[pp.int.general] Transparency in the party
Cal.
peppecal at gmail.com
Wed Feb 27 15:27:03 CET 2013
27/02/13 15.03, thijs.markus at piratenpartij.nl:
> Oh nuances & implementations can be put right
I don't think so—any change in his cop behavior will cause him to lose
many votes.
> - his principle point is
> corruption - which can only be fought with transparency.
His concept of transparency is way different from yours.
He wants transparency by annihilating privacy, not by opening
government. He wants the politician to become transparent, the
fleshnbones person, not the institution itself.
> Direct
> democracy & free access to internet is also incorporated. These are
> exactly the emotional motivators on which pirate parties operate.
Disagree. Internet is mere infrastructure; free access to information is
the pirate point.
> Sure,
> he has some old people's stances on some issues, but then again his
> voter base young - and to them he will have to cater eventually.
Statistical analysis says his voter base comes from former berlusconi's
voters
(http://www.scenaripolitici.com/2013/02/sp_trend-8-feb-2013-cdx-vs-m5s.html).
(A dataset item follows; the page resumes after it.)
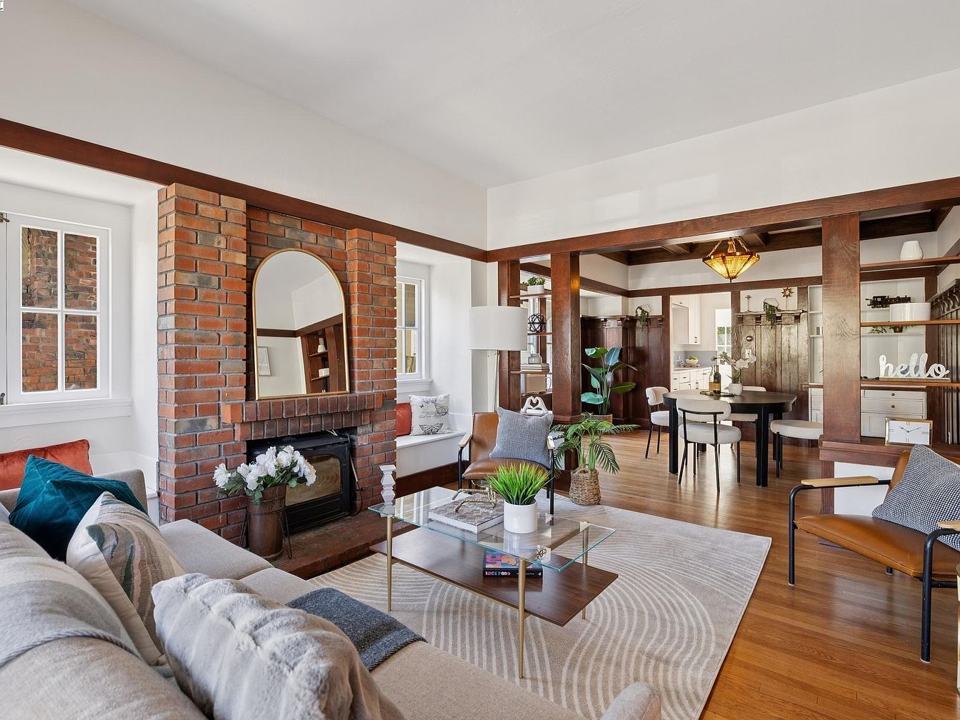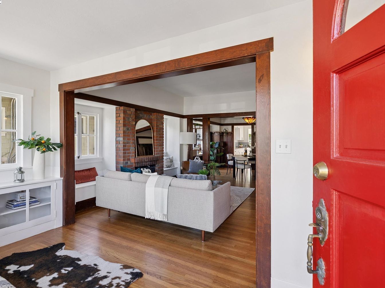 A bold red front door opens to a welcoming space with honey-toned hardwood floors and prominent dark-wood trim framing the entryway. The living room features a mid-century modern light gray sectional sofa adorned with a white throw. Directly ahead, a rustic brick fireplace with a large arched mirror above becomes the room’s focal point. Accents like a cowhide rug and built-in shelving beneath front-facing windows add warmth and character. Hints of the dining area can be glimpsed beyond, continuing the open-concept flow, while abundant natural light illuminates the bright, neutral walls and period architectural elements.

Youngs are a strict minority, and they're probably voting the movement,
not the grillo leader—they could move any moment to a pirate party, if
they're not enough brainwashed.
> And
> sure, you can highlight these differences in implementation and rational
> detail, but that's not where the vote is decided.
I don't get your point. It is foolish thinking to get rational with
them, or _worse_ with their voters.
> And looking at you
> guys and looking at Grillo, when I am concerned about corruption, free
> access to internet and direct democracy - well, what do you think?
I think you should notice they have no idea about what they're talkin'.
I think you should notice their police state and their annihilation of
privacy.
> Copyright, trademarks etc aren't in themselves as interesting as you
> make them out to be, that's the professional deformation in which you
> have to be able to defend alternatives to the present state of affairs.
> What makes them interesting is the structural abuse of democratic rights
> and functioning that is required to uphold them and the extend to which
> the right holders succeed in this part.
Disagreed, see above: "access to information" enables all of this.
> And that leads straight back to
> the points of transparency, direct democracy and so forth. He is totally
> cashing in on the emotions that should fuel your fire, and where there
> is popular movement in this direction, even if Mussolini himself
> championed it, there is much to be gained before a degree of satisfied
> inactivity will return to the general populace.
We'll see. I'm quite scared about what could happen.